[THE DATA]

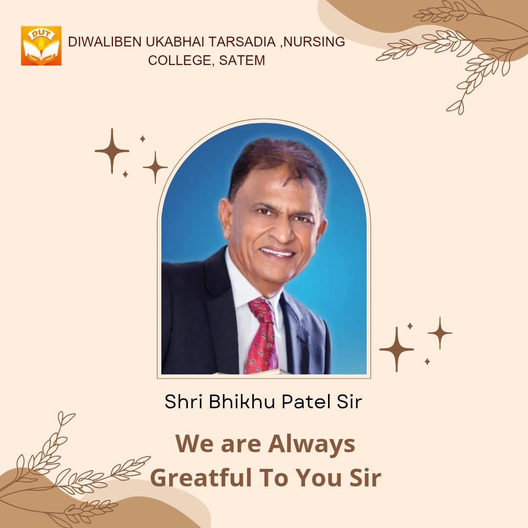 We believe in educating nurses to meet the challenges of the modern health care delivery system, in conformity with the discipline of nursing profession. The management and faculty of Diwaliben Ukabhai Tarsadia Nursing college believe that in a changing society, nursing has a significant role to play in order to maintain values and improve health of people along a positive continuum.
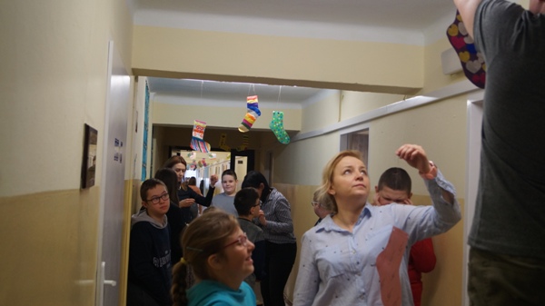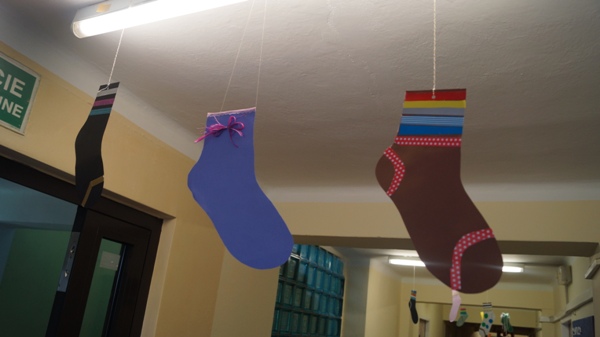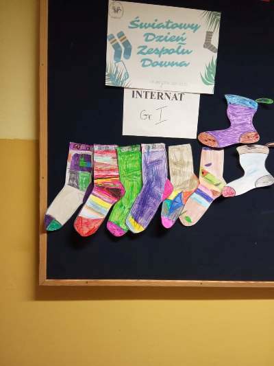 Od 11 marca w naszym ośrodku trwały przygotowania do obchodów Światowego Dnia Zespołu Downa. Celem obchodów tego święta jest zwiększenie świadomości społeczeństwa na temat trisomii 21 oraz propagowanie praw osób z zespołem Downa i integracja z nimi. Z tej okazji uczniowie, nauczyciele i pracownicy naszej placówki, razem przygotowywali kolorowe skarpetki, które 19 marca przyozdobiły korytarze naszej szkoły. Dla wyrażenia solidarności, akceptacji, zrozumienia i otwartości dla osób z zespołem Downa 21 marca zakładamy kolorowe skarpetki, najlepiej nie do pary. Skarpetki mają przypominać nam o fakcie, że w społeczeństwie obok nas żyją osoby na co dzień zmagające się z poczuciem odrębności i niedopasowania do reszty społeczeństwa. Takim działaniem pokazujemy, że solidaryzujemy się z tymi osobami oraz tolerujemy ich odmienność.
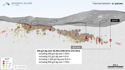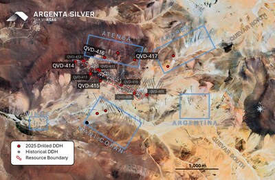 VANCOUVER, BC, Sept. 23, 2025 /CNW/ – Argenta Silver Corp. (TSXV: AGAG) (OTCQB: AGAGF) (FSE: T1K) (“Argenta” or the “Company”) is pleased to report the third batch of assay results from its 2025 winter diamond drilling program at the 100% owned El Quevar Project in Salta Province, Argentina. These results indicate ongoing continuity of the Yaxtché Deposit for 70 meters to the northwest (step-out hole QVD-414) extending the known mineralized footprint, while additional drill results highlight a promising new exploration target named Atenea. The 2025 Winter Drill Program has been completed, and the company is already working on plans for the upcoming summer drill season. Remaining results from the 2025 Winter Program are still pending.

[/THE DATA]

▸ EXERCISE BRIEF:
Copy the whole of the material above exactly, and exclude every picture.

▸ EXERCISE RESPONSE:
 We believe in educating nurses to meet the challenges of the modern health care delivery system, in conformity with the discipline of nursing profession. The management and faculty of Diwaliben Ukabhai Tarsadia Nursing college believe that in a changing society, nursing has a significant role to play in order to maintain values and improve health of people along a positive continuum.
 Od 11 marca w naszym ośrodku trwały przygotowania do obchodów Światowego Dnia Zespołu Downa. Celem obchodów tego święta jest zwiększenie świadomości społeczeństwa na temat trisomii 21 oraz propagowanie praw osób z zespołem Downa i integracja z nimi. Z tej okazji uczniowie, nauczyciele i pracownicy naszej placówki, razem przygotowywali kolorowe skarpetki, które 19 marca przyozdobiły korytarze naszej szkoły. Dla wyrażenia solidarności, akceptacji, zrozumienia i otwartości dla osób z zespołem Downa 21 marca zakładamy kolorowe skarpetki, najlepiej nie do pary. Skarpetki mają przypominać nam o fakcie, że w społeczeństwie obok nas żyją osoby na co dzień zmagające się z poczuciem odrębności i niedopasowania do reszty społeczeństwa. Takim działaniem pokazujemy, że solidaryzujemy się z tymi osobami oraz tolerujemy ich odmienność.
 VANCOUVER, BC, Sept. 23, 2025 /CNW/ – Argenta Silver Corp. (TSXV: AGAG) (OTCQB: AGAGF) (FSE: T1K) (“Argenta” or the “Company”) is pleased to report the third batch of assay results from its 2025 winter diamond drilling program at the 100% owned El Quevar Project in Salta Province, Argentina. These results indicate ongoing continuity of the Yaxtché Deposit for 70 meters to the northwest (step-out hole QVD-414) extending the known mineralized footprint, while additional drill results highlight a promising new exploration target named Atenea. The 2025 Winter Drill Program has been completed, and the company is already working on plans for the upcoming summer drill season. Remaining results from the 2025 Winter Program are still pending.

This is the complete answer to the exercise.